One can aspire to relate one's conjectured scientific theory to the real world, but the longer you are unable to demonstrate a strong connection between the two, the more your activity can be credibly labelled as "philosophy" rather than "science". I too would like to see the laws of physics derived from first principles, but I would not go so far as to assert that the laws of physics had to be derivable in this way. Whether we like it or not, the landscape is still a logical possibility, and we should at least be aware of what science would look like in that type of universe.

I also live dangerously in my own research activities, where I follow up some fairly wild ideas for long periods of time, but I always have "bread and butter" threads of research running alongside, where I dive for cover when the going gets tough. I never put all of my eggs in one basket no matter how elegant (or even how promising) it looks.

4 Comments:

At 6 January 2006 at 18:54, Luboš Motl said...: Dear Steve,

I have read the Cox paper and other sources, be sure about it. Deriving something from some axioms does not yet make the axioms relevant for science.

The prior probability itself is a source of problems. There is no general way how to calculate it, and it affects all the results.

These results are simply subjective. Why don't you just admit that we don't know something every time you need to use the Bayesian inference and uncalculable (non-frequentist) prior probabilities?

The probabilities you derive from these shaky starting points only have a value to tell you what bets you want to make, but they have no scientific value. They also have no financial value: In average, you will lose 50% of the bets, especially if others are using the same Bayesian reasoning.

The same comment applies to your eggs in different baskets. It's just your personal nature. There is nothing correct about putting eggs in different baskets. To try to learn means to attempt to figure out which basket exactly one should choose to put all her eggs into. And we have answered millions of such questions already - we have chosen the correct baskets - and we are looking for many more correct baskets.

Putting them in different baskets simply means that you do not know, and I find it irritating if someone promotes ignorance to a scientific principle that should be treated on par with standard science.

Ignorance is not yet science. If someone does not know whether there is a consistent N=1 SUGRA in ten dimensions with a gauge group whose dimension differs from 496, he may say "smart" things that it is exists with probability 31.415926 percent - but it does not change anything about the fact that he has no idea what he is talking about.

Once again, ignorance is not science, not even if you put numbers around it.

Best
Luboš
At 7 January 2006 at 08:43, logopetria said...: Luboš

I'm sure you know most of what I'm about to say, but I'll say it anyway because I'm trying to clarify to myself exactly what you believe on this subject.

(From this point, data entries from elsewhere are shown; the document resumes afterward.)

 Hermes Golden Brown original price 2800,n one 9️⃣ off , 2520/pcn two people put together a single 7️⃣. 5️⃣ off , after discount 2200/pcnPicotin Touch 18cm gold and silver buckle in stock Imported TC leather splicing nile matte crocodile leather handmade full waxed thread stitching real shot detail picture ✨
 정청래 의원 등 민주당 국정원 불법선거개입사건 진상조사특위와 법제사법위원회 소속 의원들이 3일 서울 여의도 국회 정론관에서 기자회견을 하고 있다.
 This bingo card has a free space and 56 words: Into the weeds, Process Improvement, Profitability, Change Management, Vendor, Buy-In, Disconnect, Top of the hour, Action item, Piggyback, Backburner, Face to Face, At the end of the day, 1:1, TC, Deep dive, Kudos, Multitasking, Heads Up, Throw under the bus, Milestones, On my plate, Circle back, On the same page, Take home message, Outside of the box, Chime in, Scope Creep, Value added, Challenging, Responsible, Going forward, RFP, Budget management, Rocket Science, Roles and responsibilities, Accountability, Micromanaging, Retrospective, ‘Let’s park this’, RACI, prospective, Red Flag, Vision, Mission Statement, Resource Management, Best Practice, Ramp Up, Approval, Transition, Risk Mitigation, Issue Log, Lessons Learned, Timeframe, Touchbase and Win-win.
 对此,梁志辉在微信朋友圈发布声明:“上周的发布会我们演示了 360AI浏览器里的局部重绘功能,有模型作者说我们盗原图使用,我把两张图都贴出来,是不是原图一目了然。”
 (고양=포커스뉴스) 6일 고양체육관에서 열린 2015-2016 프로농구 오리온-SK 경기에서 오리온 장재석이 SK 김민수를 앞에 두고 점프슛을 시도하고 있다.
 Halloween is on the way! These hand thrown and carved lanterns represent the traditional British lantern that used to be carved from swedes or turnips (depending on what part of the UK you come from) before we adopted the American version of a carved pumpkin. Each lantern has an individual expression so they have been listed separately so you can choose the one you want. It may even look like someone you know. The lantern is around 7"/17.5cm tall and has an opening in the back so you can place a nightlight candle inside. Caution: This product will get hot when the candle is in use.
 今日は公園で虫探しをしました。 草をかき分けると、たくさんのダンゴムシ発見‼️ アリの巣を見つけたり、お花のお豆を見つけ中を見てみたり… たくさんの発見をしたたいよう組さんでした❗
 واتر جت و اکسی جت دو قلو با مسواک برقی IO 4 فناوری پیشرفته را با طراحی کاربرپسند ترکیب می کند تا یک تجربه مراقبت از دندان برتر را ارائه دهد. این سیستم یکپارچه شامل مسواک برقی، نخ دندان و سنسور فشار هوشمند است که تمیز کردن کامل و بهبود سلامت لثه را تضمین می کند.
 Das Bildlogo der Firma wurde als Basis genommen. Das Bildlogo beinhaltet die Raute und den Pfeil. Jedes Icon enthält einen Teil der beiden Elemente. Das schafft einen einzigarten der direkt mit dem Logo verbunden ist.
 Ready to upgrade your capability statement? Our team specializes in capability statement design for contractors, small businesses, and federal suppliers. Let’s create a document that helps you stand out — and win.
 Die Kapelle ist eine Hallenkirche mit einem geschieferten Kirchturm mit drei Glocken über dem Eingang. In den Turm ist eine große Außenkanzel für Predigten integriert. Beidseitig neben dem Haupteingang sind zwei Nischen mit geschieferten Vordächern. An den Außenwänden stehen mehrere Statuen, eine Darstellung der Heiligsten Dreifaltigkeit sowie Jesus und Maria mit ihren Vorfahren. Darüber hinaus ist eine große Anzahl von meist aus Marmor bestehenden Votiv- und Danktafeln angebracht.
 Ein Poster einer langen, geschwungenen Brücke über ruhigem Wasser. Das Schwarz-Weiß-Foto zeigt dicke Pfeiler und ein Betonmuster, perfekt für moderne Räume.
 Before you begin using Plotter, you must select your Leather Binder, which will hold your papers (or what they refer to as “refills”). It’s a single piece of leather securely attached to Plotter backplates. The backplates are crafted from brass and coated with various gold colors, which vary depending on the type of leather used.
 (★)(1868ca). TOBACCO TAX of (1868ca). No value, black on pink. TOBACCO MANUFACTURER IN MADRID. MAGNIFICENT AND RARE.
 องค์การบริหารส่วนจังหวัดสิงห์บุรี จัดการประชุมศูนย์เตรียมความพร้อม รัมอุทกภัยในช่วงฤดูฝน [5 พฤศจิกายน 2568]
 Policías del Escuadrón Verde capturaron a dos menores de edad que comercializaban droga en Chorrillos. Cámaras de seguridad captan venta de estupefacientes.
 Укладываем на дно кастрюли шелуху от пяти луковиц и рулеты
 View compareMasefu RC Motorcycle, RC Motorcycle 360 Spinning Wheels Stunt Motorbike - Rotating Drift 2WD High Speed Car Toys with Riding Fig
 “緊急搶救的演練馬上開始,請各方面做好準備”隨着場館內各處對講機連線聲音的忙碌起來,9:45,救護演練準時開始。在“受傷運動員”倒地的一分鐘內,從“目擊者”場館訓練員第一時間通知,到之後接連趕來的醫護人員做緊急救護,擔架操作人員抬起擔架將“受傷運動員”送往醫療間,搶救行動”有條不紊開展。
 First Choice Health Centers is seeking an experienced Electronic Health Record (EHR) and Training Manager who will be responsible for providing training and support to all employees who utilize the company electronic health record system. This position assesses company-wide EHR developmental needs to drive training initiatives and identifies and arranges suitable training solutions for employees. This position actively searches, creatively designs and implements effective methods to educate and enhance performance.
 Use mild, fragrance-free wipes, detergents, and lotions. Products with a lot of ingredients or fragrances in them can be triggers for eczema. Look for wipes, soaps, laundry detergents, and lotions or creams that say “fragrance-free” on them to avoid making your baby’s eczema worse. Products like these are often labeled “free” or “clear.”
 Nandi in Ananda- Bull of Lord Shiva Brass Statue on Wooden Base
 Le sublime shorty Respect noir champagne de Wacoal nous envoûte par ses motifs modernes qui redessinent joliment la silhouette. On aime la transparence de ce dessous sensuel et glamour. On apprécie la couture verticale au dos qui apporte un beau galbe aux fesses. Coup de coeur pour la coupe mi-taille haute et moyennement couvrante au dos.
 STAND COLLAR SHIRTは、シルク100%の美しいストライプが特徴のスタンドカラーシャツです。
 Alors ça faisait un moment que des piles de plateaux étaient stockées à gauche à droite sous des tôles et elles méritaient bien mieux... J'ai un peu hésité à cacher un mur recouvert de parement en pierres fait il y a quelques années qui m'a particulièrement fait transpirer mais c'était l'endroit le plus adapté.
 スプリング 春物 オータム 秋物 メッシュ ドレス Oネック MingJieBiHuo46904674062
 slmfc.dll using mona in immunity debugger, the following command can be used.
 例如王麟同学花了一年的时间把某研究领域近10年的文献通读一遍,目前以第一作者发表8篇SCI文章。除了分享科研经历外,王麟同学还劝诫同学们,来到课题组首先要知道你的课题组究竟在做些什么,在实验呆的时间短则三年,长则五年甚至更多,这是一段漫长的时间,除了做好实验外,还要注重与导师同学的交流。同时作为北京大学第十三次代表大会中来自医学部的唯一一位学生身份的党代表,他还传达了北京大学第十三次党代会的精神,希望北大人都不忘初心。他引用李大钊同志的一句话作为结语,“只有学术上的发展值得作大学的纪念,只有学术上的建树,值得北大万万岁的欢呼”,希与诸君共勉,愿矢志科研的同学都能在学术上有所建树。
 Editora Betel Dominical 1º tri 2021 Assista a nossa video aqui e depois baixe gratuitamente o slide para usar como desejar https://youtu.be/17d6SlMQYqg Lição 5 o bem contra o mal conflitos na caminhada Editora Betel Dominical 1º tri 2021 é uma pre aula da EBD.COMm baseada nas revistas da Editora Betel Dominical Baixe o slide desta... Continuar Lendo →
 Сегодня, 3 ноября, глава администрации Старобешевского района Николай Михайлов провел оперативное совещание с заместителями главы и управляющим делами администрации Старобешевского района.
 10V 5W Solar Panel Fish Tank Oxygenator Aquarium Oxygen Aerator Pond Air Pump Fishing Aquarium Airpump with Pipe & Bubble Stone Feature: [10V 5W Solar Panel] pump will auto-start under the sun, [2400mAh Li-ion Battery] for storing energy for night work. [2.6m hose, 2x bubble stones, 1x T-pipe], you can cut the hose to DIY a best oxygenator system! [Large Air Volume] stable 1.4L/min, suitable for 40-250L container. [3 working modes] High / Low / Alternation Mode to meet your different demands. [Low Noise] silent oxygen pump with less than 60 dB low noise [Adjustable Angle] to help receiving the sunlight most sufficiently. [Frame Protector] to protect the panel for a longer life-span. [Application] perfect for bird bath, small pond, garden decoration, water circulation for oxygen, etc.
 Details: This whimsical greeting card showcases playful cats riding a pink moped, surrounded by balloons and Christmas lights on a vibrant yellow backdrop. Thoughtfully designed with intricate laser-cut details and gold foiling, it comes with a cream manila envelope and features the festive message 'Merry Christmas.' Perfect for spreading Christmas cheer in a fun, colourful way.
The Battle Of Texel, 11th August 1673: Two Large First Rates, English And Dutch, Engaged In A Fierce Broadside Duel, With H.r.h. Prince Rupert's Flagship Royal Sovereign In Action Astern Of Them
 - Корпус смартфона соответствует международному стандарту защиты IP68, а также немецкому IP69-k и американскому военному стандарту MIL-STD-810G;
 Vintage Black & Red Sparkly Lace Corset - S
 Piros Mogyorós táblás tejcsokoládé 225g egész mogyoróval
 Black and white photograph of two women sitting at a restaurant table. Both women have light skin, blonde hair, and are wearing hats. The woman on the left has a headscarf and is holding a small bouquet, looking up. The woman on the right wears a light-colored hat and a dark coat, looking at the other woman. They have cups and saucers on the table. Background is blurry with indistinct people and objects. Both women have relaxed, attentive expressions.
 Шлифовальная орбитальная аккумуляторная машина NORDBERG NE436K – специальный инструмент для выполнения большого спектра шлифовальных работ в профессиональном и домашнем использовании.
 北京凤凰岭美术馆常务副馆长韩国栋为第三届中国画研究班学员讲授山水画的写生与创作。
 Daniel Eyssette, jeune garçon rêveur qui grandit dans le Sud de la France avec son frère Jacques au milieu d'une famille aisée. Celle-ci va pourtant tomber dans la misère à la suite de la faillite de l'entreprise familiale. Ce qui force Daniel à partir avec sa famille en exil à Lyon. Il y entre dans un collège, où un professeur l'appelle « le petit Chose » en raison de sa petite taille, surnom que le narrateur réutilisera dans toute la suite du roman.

(Part of) the point of the Bayesian approach to probabilities is to get probabilities to do their proper job -- namely, the quantification of our ignorance and knowledge about determinate facts of the world. When someone says "X exists with probability 34%", he doesn't mean (or perhaps I should say shouldn't mean) that its actual existence is an indeterminate matter (like the x-spin of an electron in the z-up state). The existence of X is a determinate fact -- as you say, it is either 100% true, or 0% true. But in almost every case of interest we don't have perfect knowledge of the relevant parts of the world, and we therefore need to quantify how much our evidence warrants confidence in a fact. That's what probabilities are for (on the Bayesian view), and the Bayesian method describes how to express these 'quantified statements of ignorance' in a consistent manner.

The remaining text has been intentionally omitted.